Material for this task:
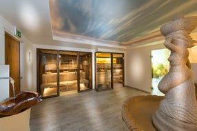 Wellness a relaxační zóna se soft saunou, finskou saunou a relaxační místnost.
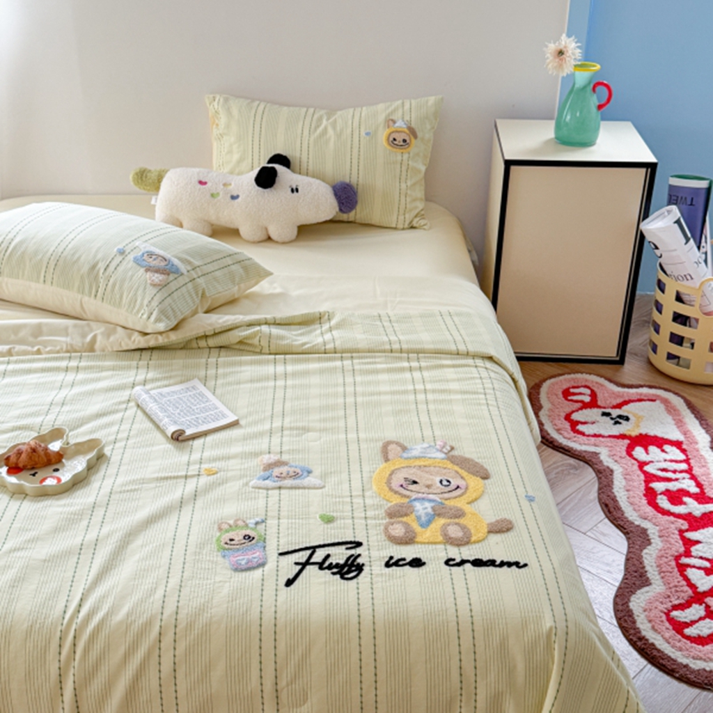 当前位置: 91家纺网 > 商品网购 > 床品套件 > 四件套 > 夏被四件套 > 柚子YOUTH 2025新款水洗棉提花毛巾绣夏被四件套 组合图仅供展示
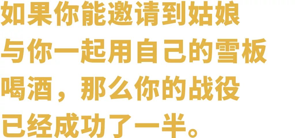 即便不说初级者必定要去的初级雪道,各大雪场的夜场也是泡妞的不二之地。日本斑尾高原滑雪场的日语发音为“MA DA RA O”,与日语“淫尾”(MI DA RA O)近似,那些雪地浪子干脆就叫这里“淫尾”。趁着夜间的灯光,无数个平成男孩都在这里成为了平成男人。其实在国内,滑雪曾经一直是一项筛选人群的运动,早年只有“有钱又有闲”的人才有资格参与。别以为会滑雪再拿着个gopro就是真正的pro了。男人的本质是舔狗,狗是无法在皑皑白雪前保持理智的。即使上了雪道,在姑娘眼里,你不过是另一只会滑雪的狗pro。去雪场开的商务MPV还是买菜车,雪服是AK457还是日产北脸,雪板是Nitro还是Capita······在雪场,真正的海王们是通过一整套的品牌筛选体系来判断,到底谁才能进入鱼塘。而当全民奔上了小康,当滑雪再也不是高端人士们专属的小众趣味,越来越多的人也加入到了这场白色爱情的游戏之中。初来乍到的我还在探索游戏规则时,勇于出击的玩家们早已披挂上阵。甚至遇到符合标准的猎物时,姑娘们也会大胆出击。
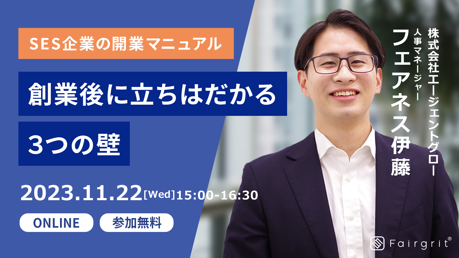 株式会社エージェントグロー(本社:東京都港区、代表取締役:河井智也/以下、「当社」)が毎月開催しているSES企業様を対象にした無料オンラインウェビナーにつきまして、2023年11月度の開催内容と日程が決定いたしました。
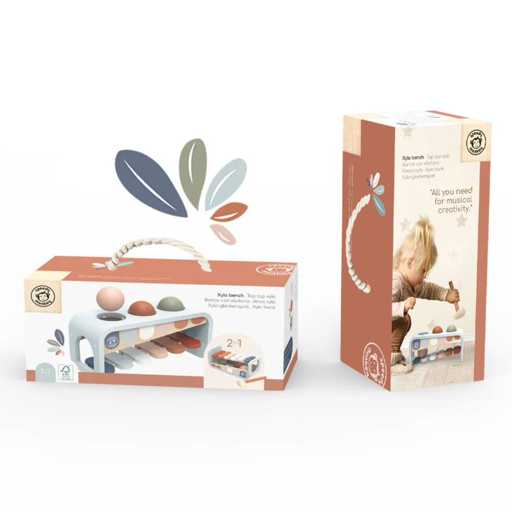- This all-wooden 2-in-1 Xylo "bench" is colorful, durable, and safe with no rough or sharp edges

Required action: Copy every line above word for word and exclude the pictures.

Solution:
 Wellness a relaxační zóna se soft saunou, finskou saunou a relaxační místnost.
 当前位置: 91家纺网 > 商品网购 > 床品套件 > 四件套 > 夏被四件套 > 柚子YOUTH 2025新款水洗棉提花毛巾绣夏被四件套 组合图仅供展示
 即便不说初级者必定要去的初级雪道,各大雪场的夜场也是泡妞的不二之地。日本斑尾高原滑雪场的日语发音为“MA DA RA O”,与日语“淫尾”(MI DA RA O)近似,那些雪地浪子干脆就叫这里“淫尾”。趁着夜间的灯光,无数个平成男孩都在这里成为了平成男人。其实在国内,滑雪曾经一直是一项筛选人群的运动,早年只有“有钱又有闲”的人才有资格参与。别以为会滑雪再拿着个gopro就是真正的pro了。男人的本质是舔狗,狗是无法在皑皑白雪前保持理智的。即使上了雪道,在姑娘眼里,你不过是另一只会滑雪的狗pro。去雪场开的商务MPV还是买菜车,雪服是AK457还是日产北脸,雪板是Nitro还是Capita······在雪场,真正的海王们是通过一整套的品牌筛选体系来判断,到底谁才能进入鱼塘。而当全民奔上了小康,当滑雪再也不是高端人士们专属的小众趣味,越来越多的人也加入到了这场白色爱情的游戏之中。初来乍到的我还在探索游戏规则时,勇于出击的玩家们早已披挂上阵。甚至遇到符合标准的猎物时,姑娘们也会大胆出击。
 株式会社エージェントグロー(本社:東京都港区、代表取締役:河井智也/以下、「当社」)が毎月開催しているSES企業様を対象にした無料オンラインウェビナーにつきまして、2023年11月度の開催内容と日程が決定いたしました。
- This all-wooden 2-in-1 Xylo "bench" is colorful, durable, and safe with no rough or sharp edges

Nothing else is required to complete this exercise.